- Data under study -
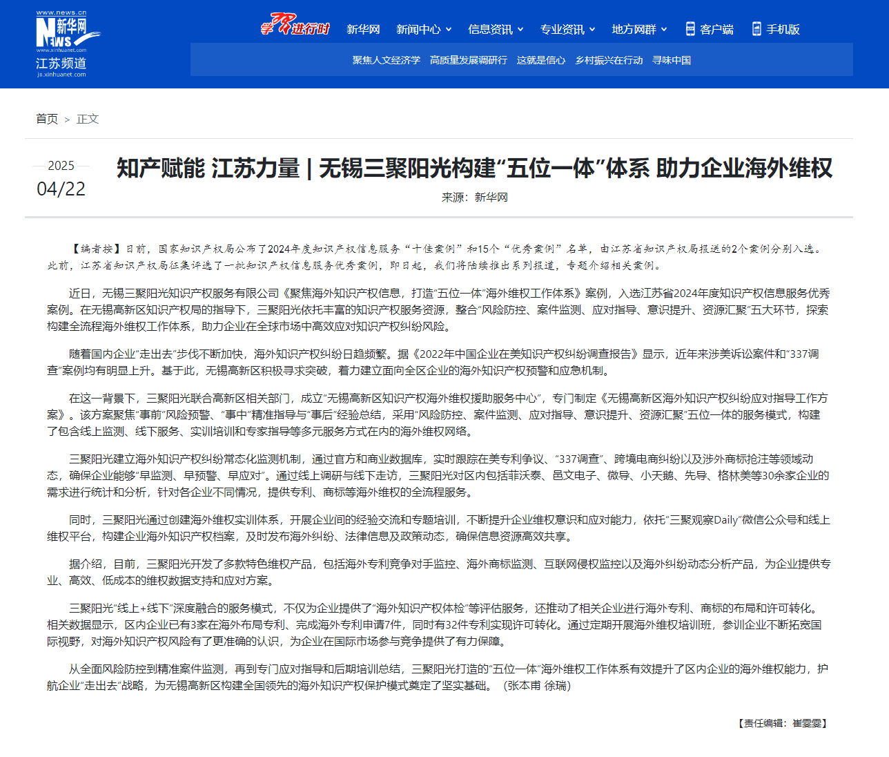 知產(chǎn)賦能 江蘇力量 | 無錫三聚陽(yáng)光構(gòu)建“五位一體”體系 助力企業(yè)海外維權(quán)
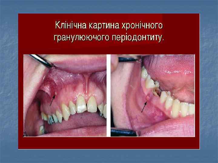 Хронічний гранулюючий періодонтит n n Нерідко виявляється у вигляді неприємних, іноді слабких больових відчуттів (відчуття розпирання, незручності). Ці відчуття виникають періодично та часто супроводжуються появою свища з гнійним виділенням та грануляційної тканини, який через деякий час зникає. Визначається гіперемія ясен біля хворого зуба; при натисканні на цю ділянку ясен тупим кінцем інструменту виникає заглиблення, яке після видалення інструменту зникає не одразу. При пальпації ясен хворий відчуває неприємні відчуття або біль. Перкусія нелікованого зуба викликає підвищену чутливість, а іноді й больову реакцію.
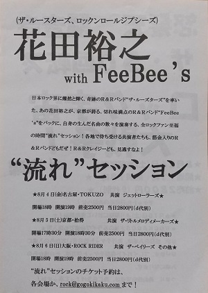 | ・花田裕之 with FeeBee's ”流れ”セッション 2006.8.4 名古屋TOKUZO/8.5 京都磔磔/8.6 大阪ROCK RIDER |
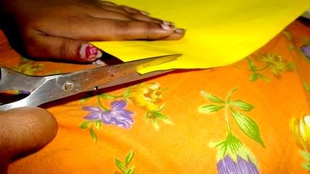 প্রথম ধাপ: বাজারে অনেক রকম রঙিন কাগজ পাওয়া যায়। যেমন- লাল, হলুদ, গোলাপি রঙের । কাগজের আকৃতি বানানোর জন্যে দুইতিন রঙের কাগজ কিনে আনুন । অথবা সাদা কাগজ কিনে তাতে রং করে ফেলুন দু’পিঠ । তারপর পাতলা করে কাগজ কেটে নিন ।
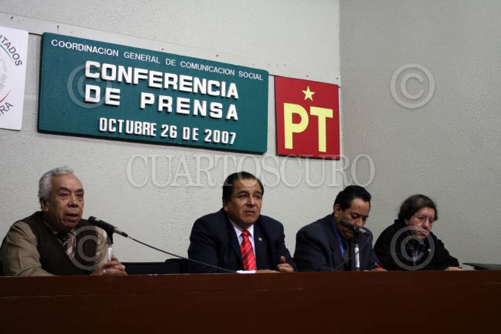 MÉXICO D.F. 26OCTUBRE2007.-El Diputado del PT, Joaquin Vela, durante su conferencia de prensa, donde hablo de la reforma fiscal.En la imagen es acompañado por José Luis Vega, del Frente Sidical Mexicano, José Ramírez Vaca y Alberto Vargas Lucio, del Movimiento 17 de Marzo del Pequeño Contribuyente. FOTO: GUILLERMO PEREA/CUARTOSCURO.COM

- Task -
Could you output every record above exactly as written, leaving out the pictures?

- Answer to the exercise -
 知產(chǎn)賦能 江蘇力量 | 無錫三聚陽(yáng)光構(gòu)建“五位一體”體系 助力企業(yè)海外維權(quán)
 Хронічний гранулюючий періодонтит n n Нерідко виявляється у вигляді неприємних, іноді слабких больових відчуттів (відчуття розпирання, незручності). Ці відчуття виникають періодично та часто супроводжуються появою свища з гнійним виділенням та грануляційної тканини, який через деякий час зникає. Визначається гіперемія ясен біля хворого зуба; при натисканні на цю ділянку ясен тупим кінцем інструменту виникає заглиблення, яке після видалення інструменту зникає не одразу. При пальпації ясен хворий відчуває неприємні відчуття або біль. Перкусія нелікованого зуба викликає підвищену чутливість, а іноді й больову реакцію.
 | ・花田裕之 with FeeBee's ”流れ”セッション 2006.8.4 名古屋TOKUZO/8.5 京都磔磔/8.6 大阪ROCK RIDER |
 প্রথম ধাপ: বাজারে অনেক রকম রঙিন কাগজ পাওয়া যায়। যেমন- লাল, হলুদ, গোলাপি রঙের । কাগজের আকৃতি বানানোর জন্যে দুইতিন রঙের কাগজ কিনে আনুন । অথবা সাদা কাগজ কিনে তাতে রং করে ফেলুন দু’পিঠ । তারপর পাতলা করে কাগজ কেটে নিন ।
 MÉXICO D.F. 26OCTUBRE2007.-El Diputado del PT, Joaquin Vela, durante su conferencia de prensa, donde hablo de la reforma fiscal.En la imagen es acompañado por José Luis Vega, del Frente Sidical Mexicano, José Ramírez Vaca y Alberto Vargas Lucio, del Movimiento 17 de Marzo del Pequeño Contribuyente. FOTO: GUILLERMO PEREA/CUARTOSCURO.COM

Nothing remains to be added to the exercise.